I guess I am not the target market then.

I understand why they didn't allow inline images, but I agree with you it limits a lot of use cases.

If I were designing it, I would say: "you can have images, but they always display as a 'block element', with nothing to either side. No worries about wrapping text; no background images under other elements, etc." I think that keeps the spirit of simplicity.

you can have images and they don't always display as anything. the author of the user agent decides how they are displayed. you could in-line them if you wanted to, but only a few clients do that at the moment. there are no hints to the client about how some content could, should, or should "always display as".

It's text. The client displays that text and renders links, headings, etc, however it wishes. If it really wants to, it could just not format them at all. There's a gemini client made for plan9's acme text editor that doesn't render links, and instead displays them verbatim, because the plan9 plumber can handle the hyperlinking aspect.
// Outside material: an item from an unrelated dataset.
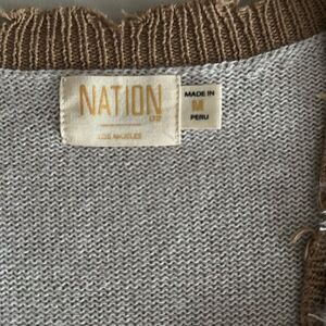 Elevate your wardrobe with this luxurious Nation LTD sweater, crafted in Peru from a premium blend of 72% baby alpaca and 28% cotton. This ultra-soft knit features a relaxed fit, V-neckline, and distressed raw edge trim at the collar and cuffs for a chic, lived-in look. Perfect for layering in any season.
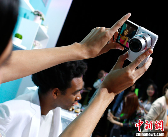 4月22日,消费者在体验NX mini的自拍功能。中新社发 富田 摄

All of that is eye candy and fluff.

If a client finds a link to an image, it can in-line it if it wants. If you wrote a client, when it found a link to an image, it would in-line it "with nothing to either side." That's not something that has to be specced.

You could have a setting on the client that lets the user specify that that's how they always want to see images, I on the other hand might specify that I want to open them in a new window, or see a thumbnail until i hover over, etc.

Same with how headers are displayed (maybe i want folding or something), whether an ToC is displayed, colours, fonts, etc.

The point is that the user can decide all this stuff, without having to hack it around the author's own styles and scripts.

> just like you expect in a newspaper etc.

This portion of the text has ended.